Aim of the exercise: Within the entries below, the lines from the one with "Изготовление новогодних открыток" through the one with "С 3 по 27 декабря" are to be set down exactly, both ends kept.

Records provided:
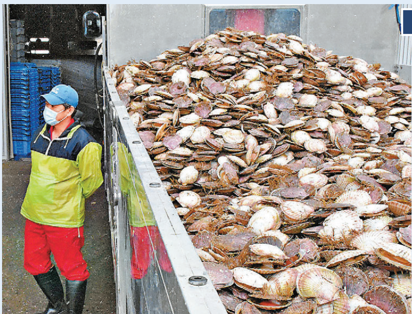
●11月上旬，中方一度恢復日本扇貝輸華。如今，中方決定暫停日本水產品進口。 資料圖片
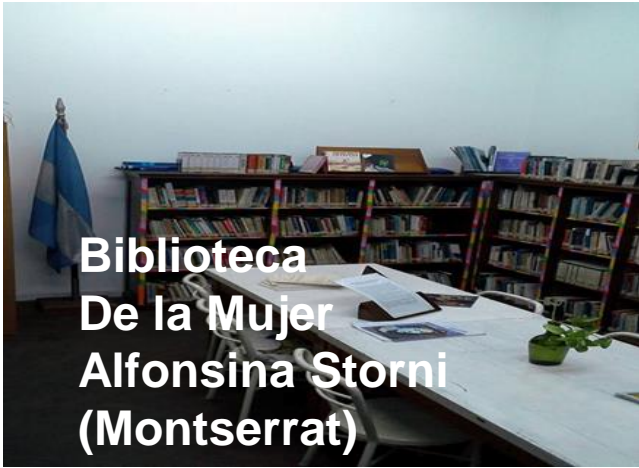
Biblioteca De la Mujer Alfonsina Storni (Montserrat)
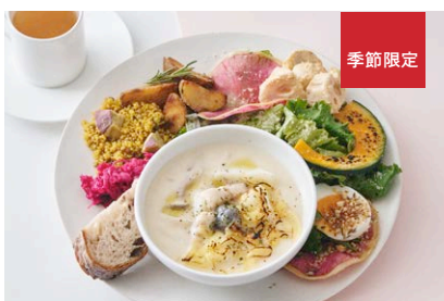
パンチェッタときのこの チーズクリームスープ& デリサラダプレート Pancetta & Mushroom Cheese Cream Soup with Deli Salad Plate
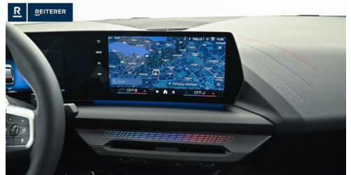
Autohaus Reiterer GmbH - Deutschlandsberg - www.reiterer.bmw.at
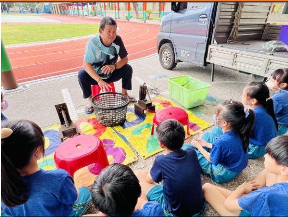
養蚵及鋟蚵工具介紹
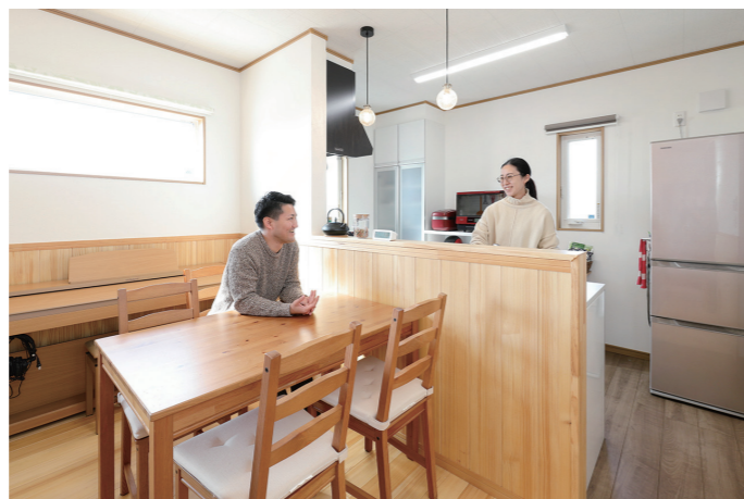
「壁に向かって料理をするのが嫌で」という奥さまが希望した対面式キッチン。モミの木の前壁が手元を隠し生活感を感じさせない。キッチンや背面収納は白で統一

趣味を楽しむ小屋裏収納やトレーニングルーム、 光あふれるリビング。健康的な暮らしを日々楽しんでいきます。
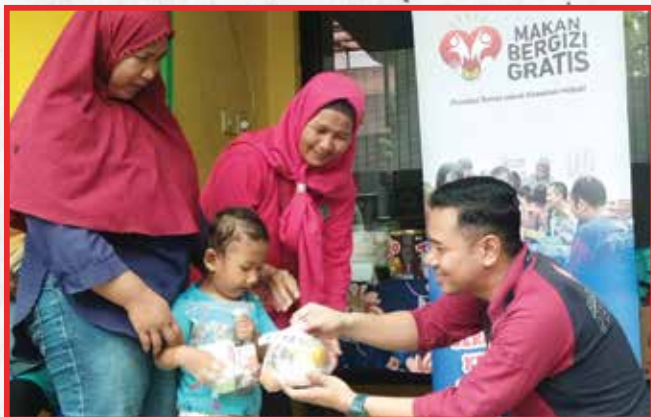
Artha Graha Peduli Unit BAGI Cab. Wiladatika
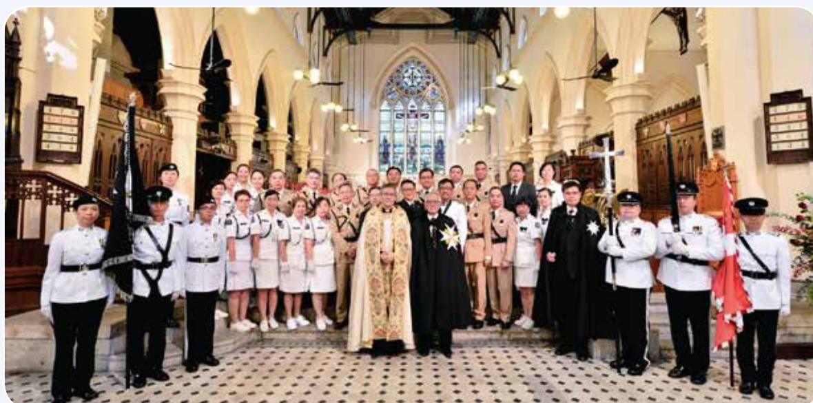
莫禮富議長與授勳人士合照
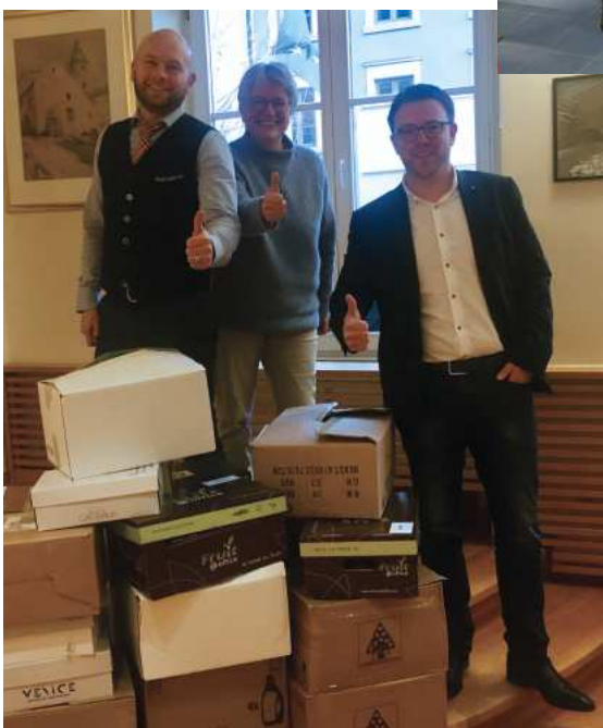
◀ Och op der Gemeen Wormer konnt en seng Adventskëscht ofginn. De Schäfferot seet jidderengem Merci de bei dëser Aktioun mat gemacht huet. Am ganze ware 26 Këschte gesammelt ginn déi un Epicerie Sociale zu Maacher gespent gi sinn.
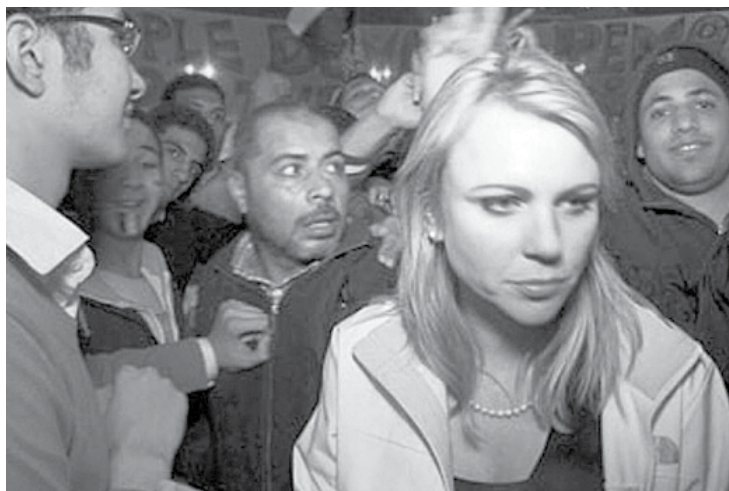
Mīms, kas tika izmantots ilustrācijai par Jaungada sagaidīšanas laikā notikušajām izvarošanām Ķelnē.

Mēdz izmantot arī tā sauktos mīmus, konstruējot attēlus, lai pievērstu uzmanību kādam notikumam, pret kuru foto pārveidotājs iestājas. Piemēram, lai pierādītu, ka Vācijas imigrā-
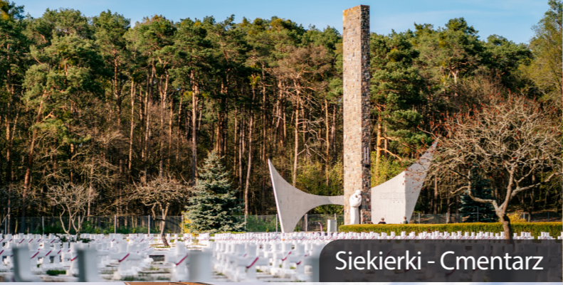
Siekierki - Cmentarz
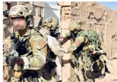
Prostějovští příslušníci speciálních sil čelí závažnému obvinění. Ilustraci foto: 601.skss
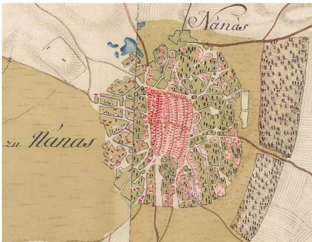
1. kép. Hajdúnánás belterületének jelölése az első katonai felmérés térképén. 15

Az előbbiekben bemutatott folyamat társadalmi konfliktusokat idézett elő, megváltoztatta a birtokviszonyokat, mely egyértelműen kihatott a településszerkezetre is. Témánk szempontjából a kertészek betelepülésének településszerkezetet megváltoztató hatása a fontos, így a továbbiakban ez kerül bemutatásra. A folyamat a kertészek területének megnövekedését eredményezte, így egyre több mezőgazdasági munkafolyamat szorult ki a város e területére, többek között a malmok és a vermek is ide kerültek. 14
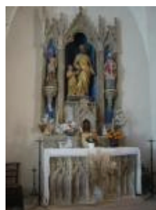
Le retable de la chapelle sud
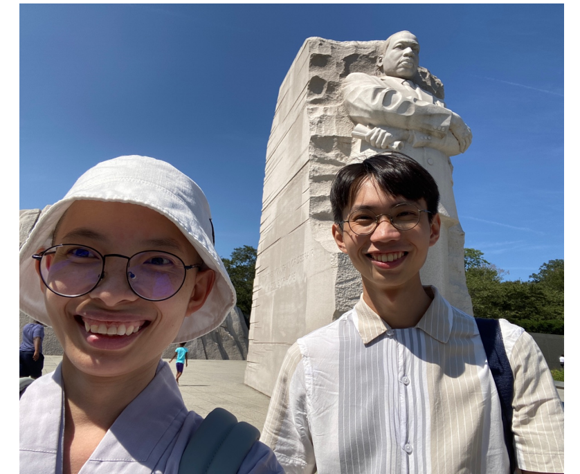
MARTIN LUTHER KING, JR. NATIONAL HISTORICAL PARK

參訪國家歷史公園——馬丁路德金恩博士出生的住所，了解其歷史意義及博士在種族平權上的貢獻
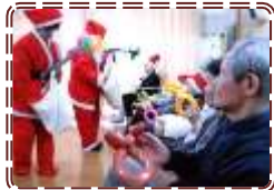
12月24日 クリスマス会 くさぶえ乙女さんのバルーンアート
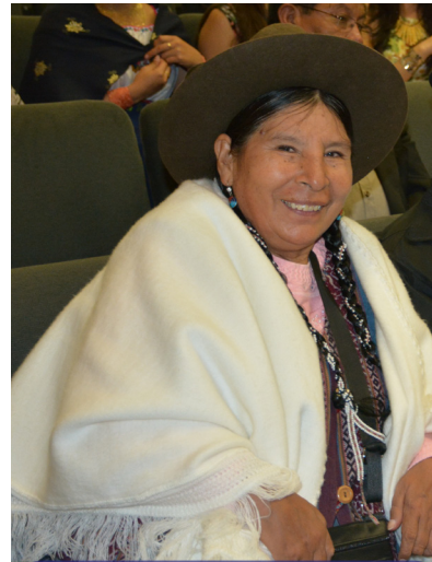
La Parlamentaria Hilaria Supa Huamán, ponente de la Decisión.

Con la cual el Parlamento Andino pretende mediante esta propuesta reconocer, proteger y articular los derechos de las comunidades y su conocimientos ancestrales en la Región Andina, impulsar el diseño e implementación de políticas que contemplen el rescate y la aplicación de conocimientos tradicionales en la adaptación y mitigación del cambio climático, así como elaborar un proyecto de Norma Regional para la protección de los conocimientos, innovaciones y prácticas tradicionales de las comunidades indígenas, afrodescendientes, locales o sus formas organizativas equivalentes en los respectivos países.
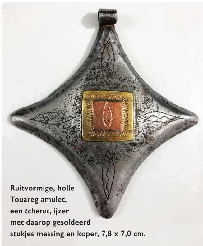
Ruitvormige, holle Touareg amulet, een tcherot, ijzer met daarop gesoldeerd stukjes messing en koper, 7,8 x 7,0 cm.

gen. Zeker is dat het bezit van objecten van messing, met name die uit de 7e tot 17e eeuw, verbonden waren met een hoge status en daarom werden meegegeven in het graf van chiefs en notabelen.
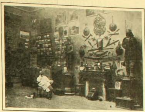
Un rincón del taller del señor Correa

Aprovechará esta ocasión el señor Correa, para llevar un conjunto de doce cuadros, pintados por
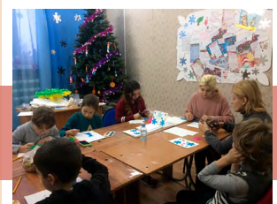
Изготовление новогодних открыток

С 3 по 27 декабря 2018 года в Киреевском РДК впервые работала новогодняя резиденция Деда Мороза. Мальчишки и девчонки с нетерпением ждали появления главного зимнего волшебника, писали ему письма, играли с ним, танцевали, пели, читали стихи. Каждый день здесь был наполнен творчеством.
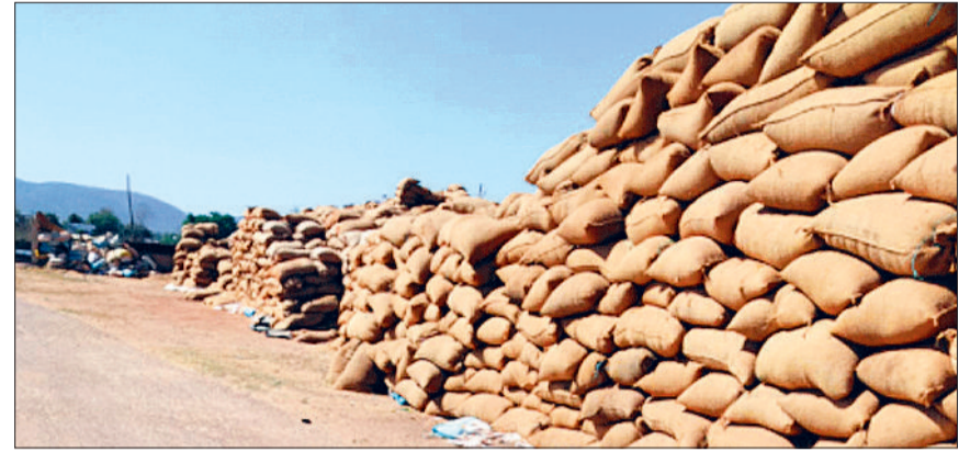
समितियों में धान के जाम रहने से यह तो तय है कि प्रशासन अपने दायित्वों का निर्वहन करने में फेल रहा है। एक पखवाड़े क्विंटल से धान खरीदी शुरू होने के बाद अब तक पूरे धान का परिवहन नहीं हो पाया है।

मोहारा सहकारी बैंक अंतर्गत आने वाली सोसायटियों में धान परिवहन की समस्या अभी तक बनी हुई है। करीब तीन माह पहल धान बंद हुई थी किन्तु अब तक धान का परिवहन नहीं हो पाया है। जानकारी के अनुसार खुसीपार, मोहारा, विचारपुर और छिपा सोसायटी में कहीं 5 हजार तो कहीं 10 हजार क्विंटल धान जाम है। धान जाम होने से सोसायटी प्रबंधक परेशान है। कुछ प्रबंधकों ने बताया कि धान का अब डीओ नहीं काटा गया है जिससे उनकी चिंता बढ़ गई है।
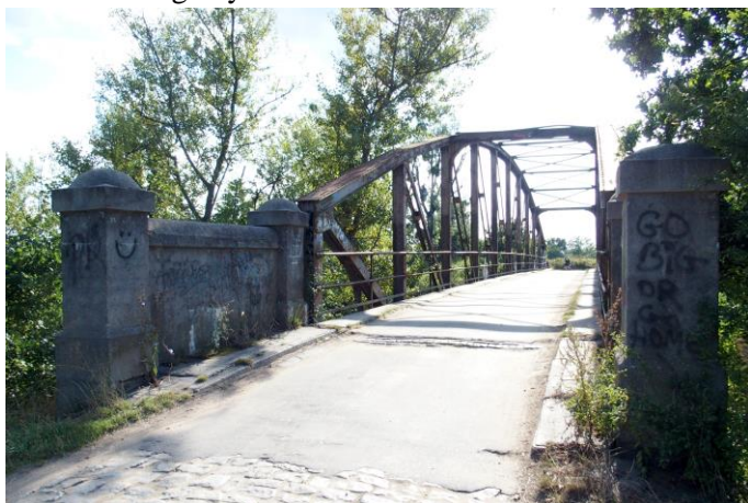
Zdjęcie nr 19. Most drogowy na kanale Janowickim w Kamieńcu Wrocławskim

– most drogowy na kanale Janowickim w Kamieńcu Wrocławskim.
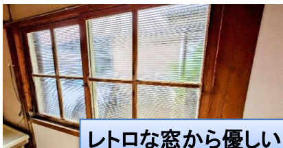
レトロな窓から優しい

Reply to the task:
Изготовление новогодних открыток

С 3 по 27 декабря 2018 года в Киреевском РДК впервые работала новогодняя резиденция Деда Мороза. Мальчишки и девчонки с нетерпением ждали появления главного зимнего волшебника, писали ему письма, играли с ним, танцевали, пели, читали стихи. Каждый день здесь был наполнен творчеством.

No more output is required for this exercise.